#### Problem details
Leave the images out and repeat the data exactly as given.

#### Supplied information
+ + + +

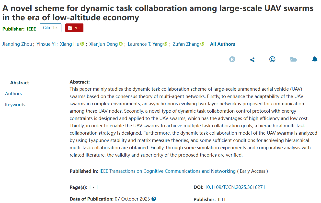 周建萍的研究成果“A novel scheme for dynamic task collaboration among large-scale UAV swarms in the era of low-altitude economy”以低空经济为背景,形成多项创新性成果,一是为提高无人机集群在复杂环境下的适应性,提出了一种用于无人机节点间通信的异步演化双层网络。二是,设计了一种具有能量约束的新型动态任务协同控制协议,并将其应用于无人机集群。三是进一步设计分层多任务协同策略,满足无人机集群实际作业中的多任务协同需求,让集群能够更有序、更高效地完成多目标任务。该研究深化了低空经济领域中无人机集群协同技术的理论探索,为相关技术的实际落地提供了重要参考。
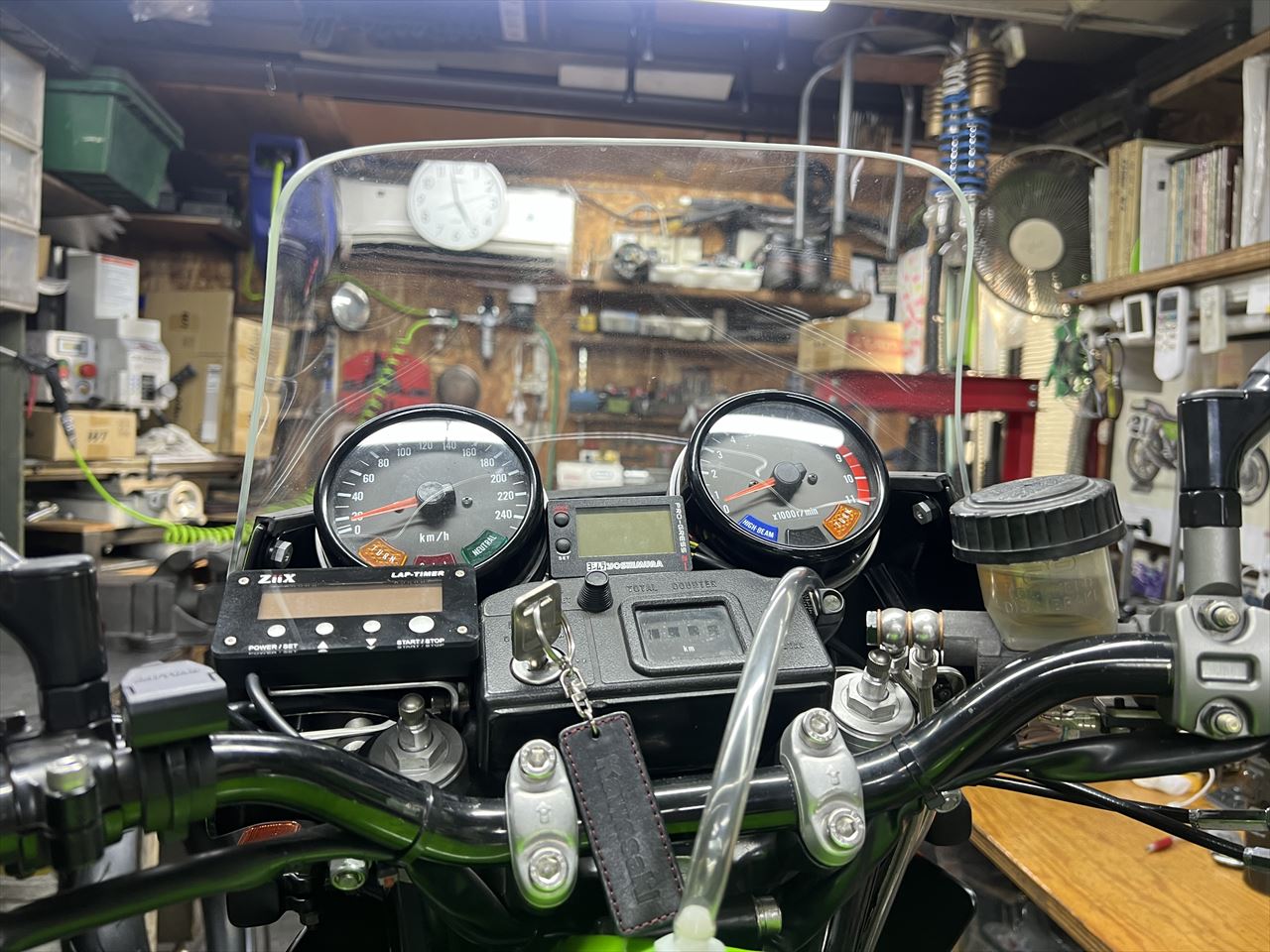 ラップタイマー本体は元の添付メータステーに取付。テンプメーターは丸メーター間に移設。
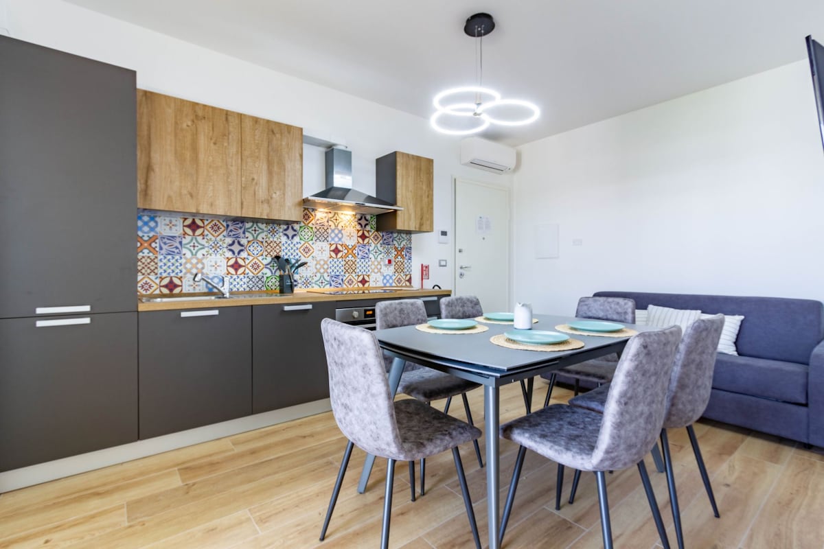The apartment, recently built and fully air conditioned, consists of a large living room with induction kitchenette, dining area with sofa bed, two bedrooms, one double and one with two single beds. Bathroom with shower box and bidet.

+ + + +

#### Reply to the task
 周建萍的研究成果“A novel scheme for dynamic task collaboration among large-scale UAV swarms in the era of low-altitude economy”以低空经济为背景,形成多项创新性成果,一是为提高无人机集群在复杂环境下的适应性,提出了一种用于无人机节点间通信的异步演化双层网络。二是,设计了一种具有能量约束的新型动态任务协同控制协议,并将其应用于无人机集群。三是进一步设计分层多任务协同策略,满足无人机集群实际作业中的多任务协同需求,让集群能够更有序、更高效地完成多目标任务。该研究深化了低空经济领域中无人机集群协同技术的理论探索,为相关技术的实际落地提供了重要参考。
 ラップタイマー本体は元の添付メータステーに取付。テンプメーターは丸メーター間に移設。
The apartment, recently built and fully air conditioned, consists of a large living room with induction kitchenette, dining area with sofa bed, two bedrooms, one double and one with two single beds. Bathroom with shower box and bidet.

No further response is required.